L’art 1676 c.c. recita testualmente: “Coloro che, alle dipendenze dell’appaltatore, hanno dato la loro attività per eseguire l’opera o per prestare il servizio possono proporre azione diretta contro il committente per conseguire quanto è loro dovuto, fino alla concorrenza del debito che il committente ha verso l’appaltatore nel tempo in cui essi propongono la domanda”.
La norma appena richiamata prevede, dunque, che il committente è tenuto a pagare direttamente gli ausiliari dell’appaltatore nei limiti di quanto dovuto all’appaltatore stesso per l’esecuzione dell’opera.

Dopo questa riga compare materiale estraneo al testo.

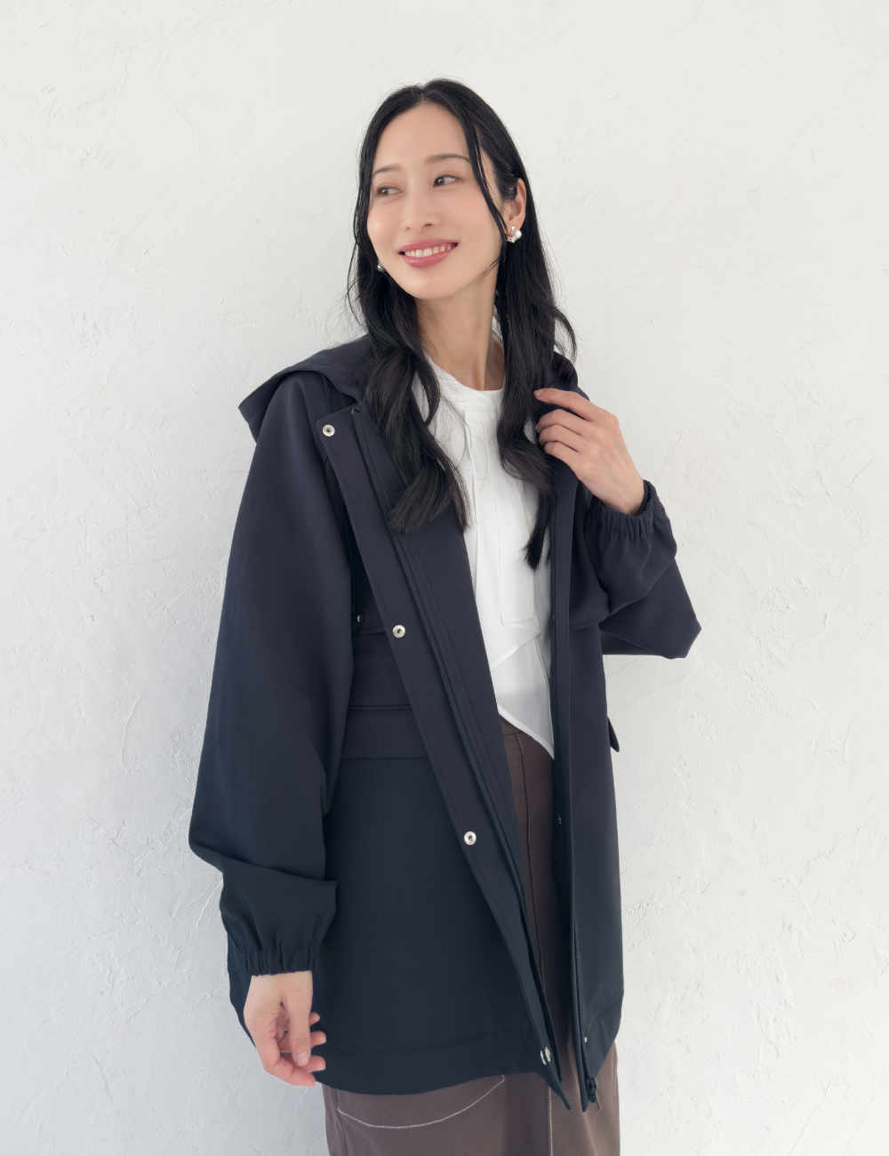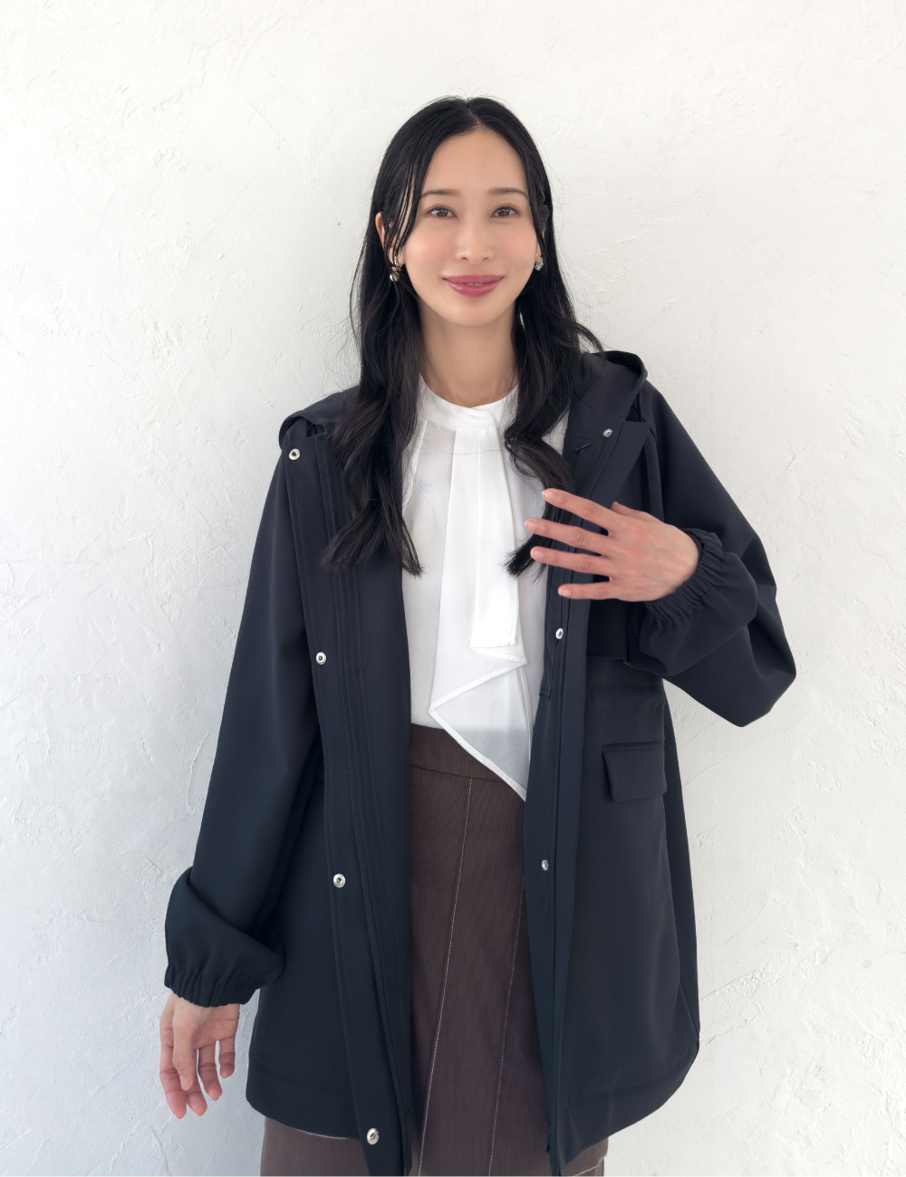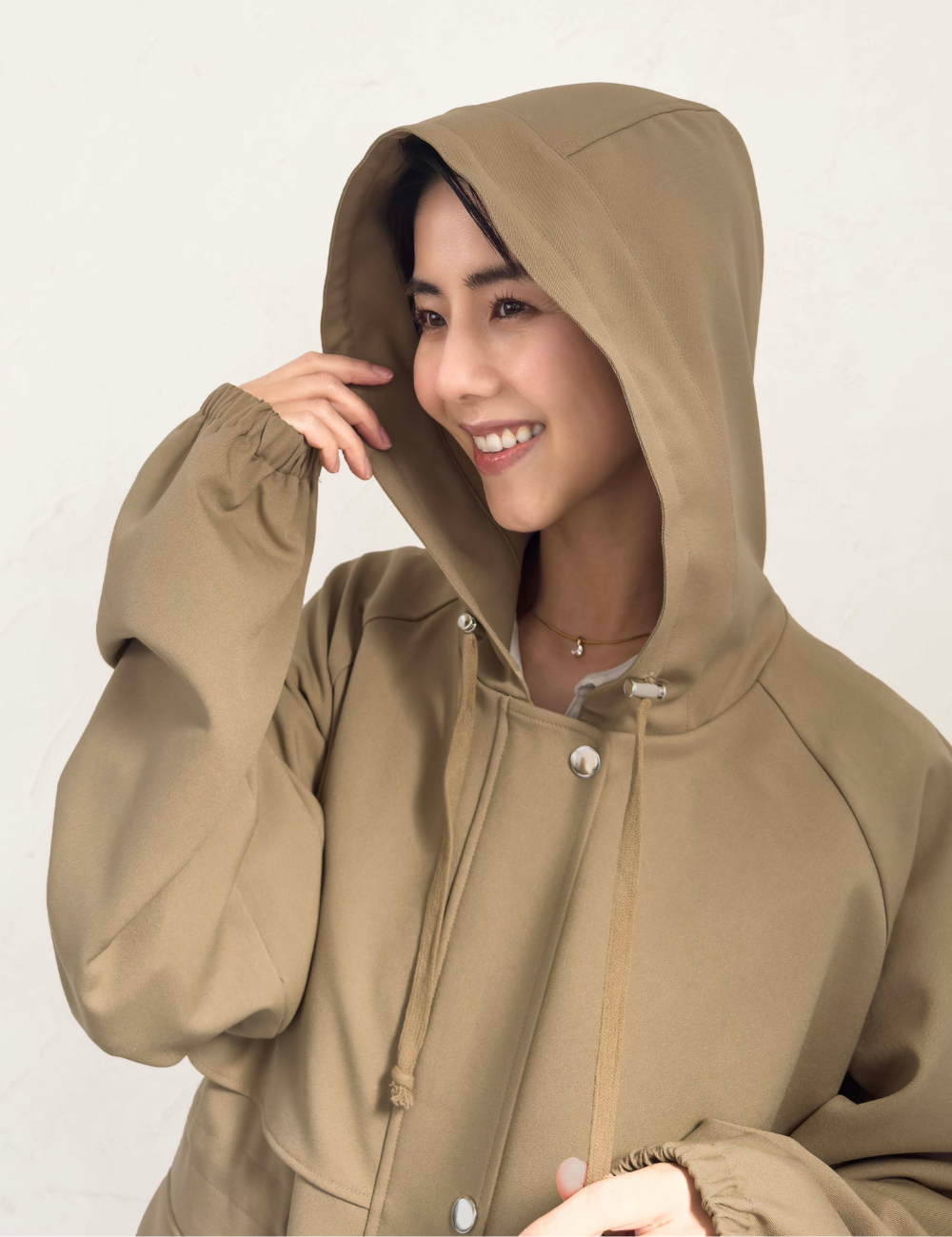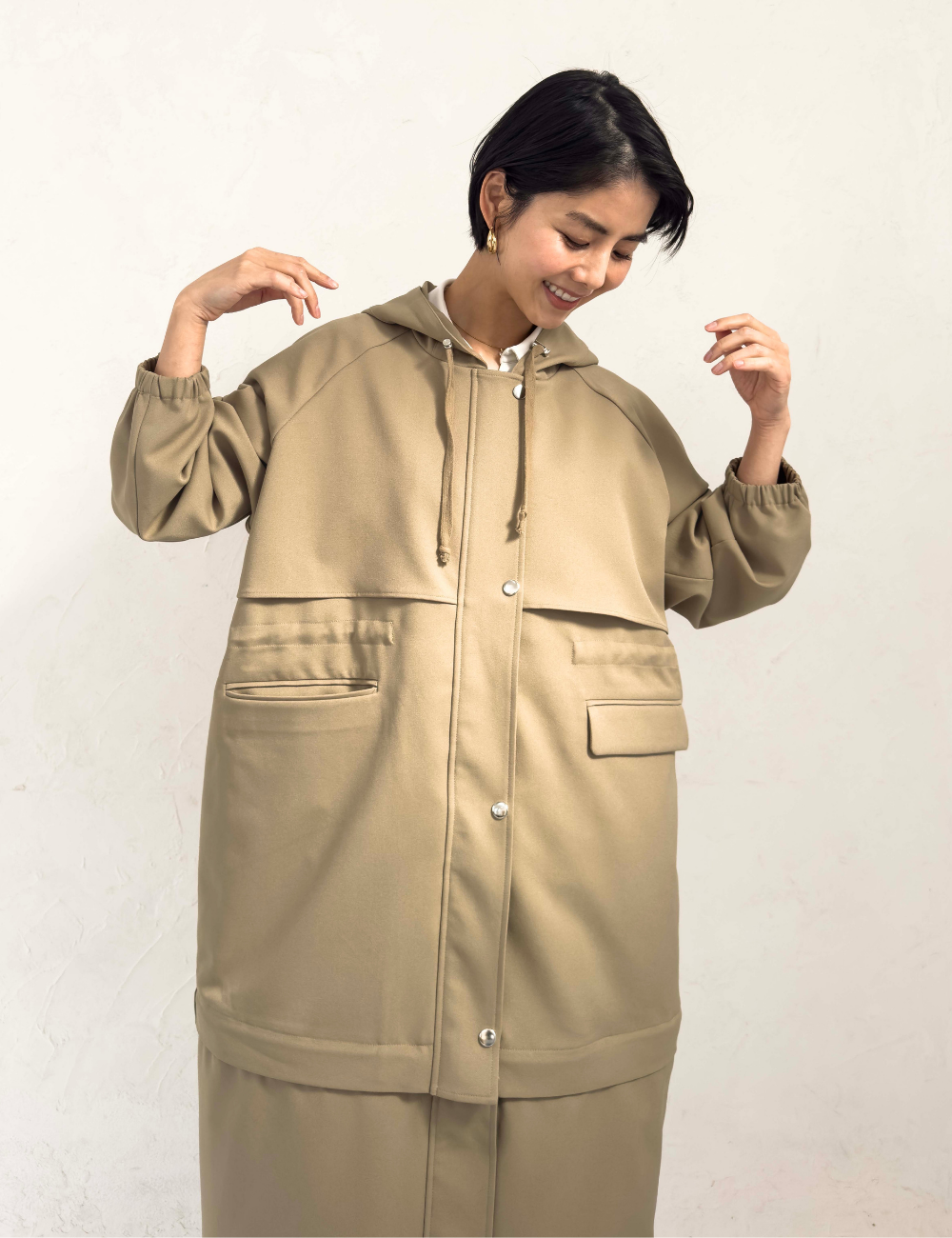 梅雨時期や突然の雨はもちろん、制電生地だから嫌な埃や花粉が付きにくい。季節を問わずアウターとしてデイリーにお使いいただけます。

Va però detto che i soggetti legittimati a proporre l’azione di cui all’art. 1676 c.c. sono solo coloro che hanno prestato la propria attività alle dipendenze dell’appaltatore, restando perciò esclusi il subappaltatore, il libero professionista o il prestatore d’opera.
A titolo esemplificativo si richiama il seguente principio giurisprudenziale: “l’azione diretta proposta dal dipendente dell’ appaltatore contro il committente per conseguire quanto gli è dovuto, fino alla concorrenza del debito che il committente ha verso l’ appaltatore al momento della proposizione della domanda, è prevista dall’art. 1676 c.c. con riferimento al solo credito maturato dal lavoratore in forza dell’attività svolta per l’esecuzione dell’opera o la prestazione del servizio oggetto dell’appalto, e non anche con riferimento ad ulteriori crediti, pur relativi allo stesso rapporto di lavoro” (Corte di Cassazione, Sez. Lav., 19 novembre 2010 n. 23489).
L’azione proposta ex art. 1676 c.c. non trova ostacolo neppure nell’eventuale sopravvenuto fallimento dell’appaltatore, in quanto si tratta di azione diretta tra terzi rispetto al fallito e, quindi, non soggetta alla disciplina imposta dall’art. 52 Legge Fallimentare, la quale assoggetta alla regola della par condicio creditorum solo le azioni e i diritti contro il fallito.